** The problem **
This calls for a word-for-word copy of all the data, with each picture removed.

Data items
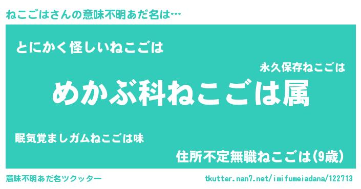| 欧米人風あだ名 | 『ねこごは・ステッグマイヤー』 |
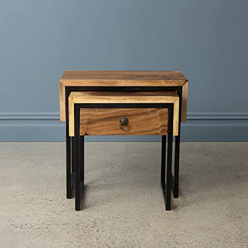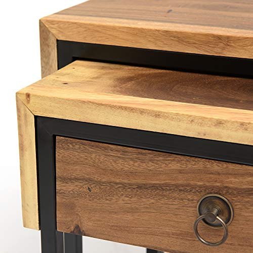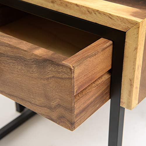 Best Home Fashion Petrified Teak Side Table with Stainless Steel Base - Medium - 14” L x 14” W x 24” H
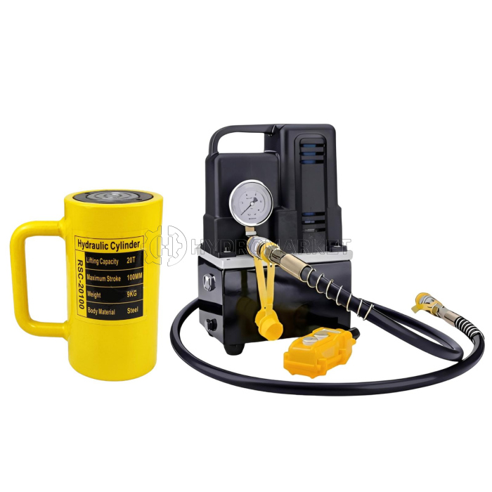 Paket Silinder Hidrolik RSC-20100 + Pompa Hidrolik Elektrik QQ-700 /// Dongkrak Hidrolik 20 Ton Stroke 100mm 700 Bar
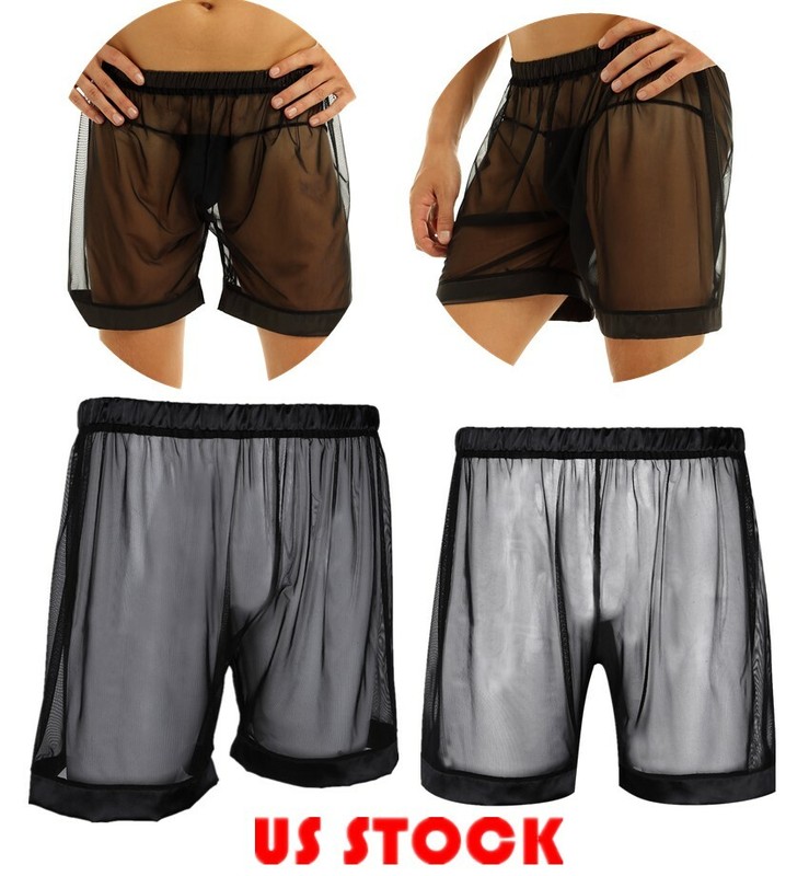 Elastic waistband, square legs, see-through mesh design.
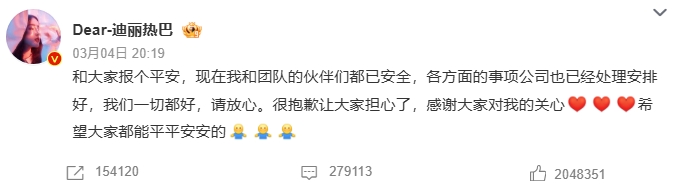 滯留消息在網路曝光後,粉絲焦急等待她的近況更新,卻遲遲未見本人出面說明,引發更多揣測與擔憂。直到4日晚間,迪麗熱巴終於親自透過微博發聲:「和大家報個平安,現在我和團隊的伙伴們都已安全,各方面的事項公司也已經處理安排好,我們一切都好,請放心。」她也對外界關心表示感謝,並為讓粉絲擔心致歉。
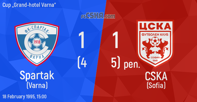 CSKA draw against Spartak (Varna) with result 1:1 in match from Final of Cup „Grand-hotel Varna“ played on 18 February 1995 at 15:00 goalscorers for the army men were Petar Mihtarski (38′ from penalty and 95′ from penalty), Metodi Deyanov (95′ from penalty), Dobromir Mitov (95′ from penalty), Anatoli Nankov (95′ from penalty) and Ilian Kiryakov (95′ from penalty).
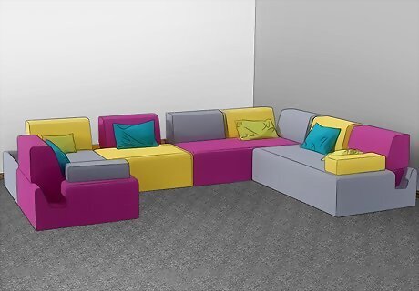 Opt for colorful furniture to make a white room more vibrant. Since white goes with anything, you could also choose furniture in bold colors. Choose furniture in 1 color, in a couple of complementary colors, or in a rainbow of colors! For example, you could place a blue sofa and chairs in a white room. Another option is to place a purple couch and a yellow chair in the same room. For a spectrum of color, choose a red couch, a purple chair, a blue chair, a green coffee table, a yellow lamp, and an orange accent table.
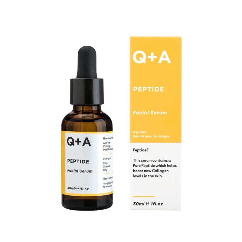 Peptides serve as building blocks for collagen, helping to keep your skin tight and youthful looking. Q+A Peptide Facial Serum has been formulated with a Pure Peptide to help boost collagen levels in a fast absorbing serum.
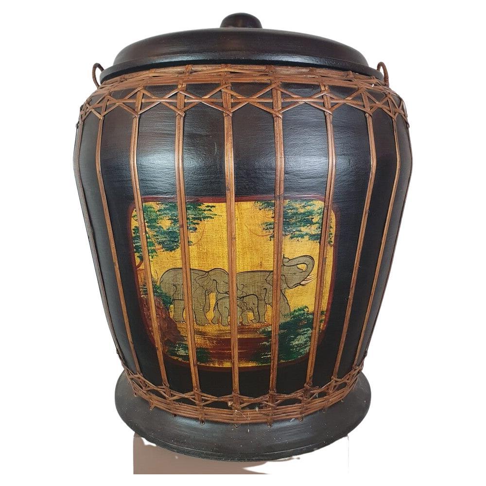 Eventail décoratif vintage en bambou tressé à la main et bois peint Accent mural

** Completed task **
| 欧米人風あだ名 | 『ねこごは・ステッグマイヤー』 |
 Best Home Fashion Petrified Teak Side Table with Stainless Steel Base - Medium - 14” L x 14” W x 24” H
 Paket Silinder Hidrolik RSC-20100 + Pompa Hidrolik Elektrik QQ-700 /// Dongkrak Hidrolik 20 Ton Stroke 100mm 700 Bar
 Elastic waistband, square legs, see-through mesh design.
 滯留消息在網路曝光後,粉絲焦急等待她的近況更新,卻遲遲未見本人出面說明,引發更多揣測與擔憂。直到4日晚間,迪麗熱巴終於親自透過微博發聲:「和大家報個平安,現在我和團隊的伙伴們都已安全,各方面的事項公司也已經處理安排好,我們一切都好,請放心。」她也對外界關心表示感謝,並為讓粉絲擔心致歉。
 CSKA draw against Spartak (Varna) with result 1:1 in match from Final of Cup „Grand-hotel Varna“ played on 18 February 1995 at 15:00 goalscorers for the army men were Petar Mihtarski (38′ from penalty and 95′ from penalty), Metodi Deyanov (95′ from penalty), Dobromir Mitov (95′ from penalty), Anatoli Nankov (95′ from penalty) and Ilian Kiryakov (95′ from penalty).
 Opt for colorful furniture to make a white room more vibrant. Since white goes with anything, you could also choose furniture in bold colors. Choose furniture in 1 color, in a couple of complementary colors, or in a rainbow of colors! For example, you could place a blue sofa and chairs in a white room. Another option is to place a purple couch and a yellow chair in the same room. For a spectrum of color, choose a red couch, a purple chair, a blue chair, a green coffee table, a yellow lamp, and an orange accent table.
 Peptides serve as building blocks for collagen, helping to keep your skin tight and youthful looking. Q+A Peptide Facial Serum has been formulated with a Pure Peptide to help boost collagen levels in a fast absorbing serum.
 Eventail décoratif vintage en bambou tressé à la main et bois peint Accent mural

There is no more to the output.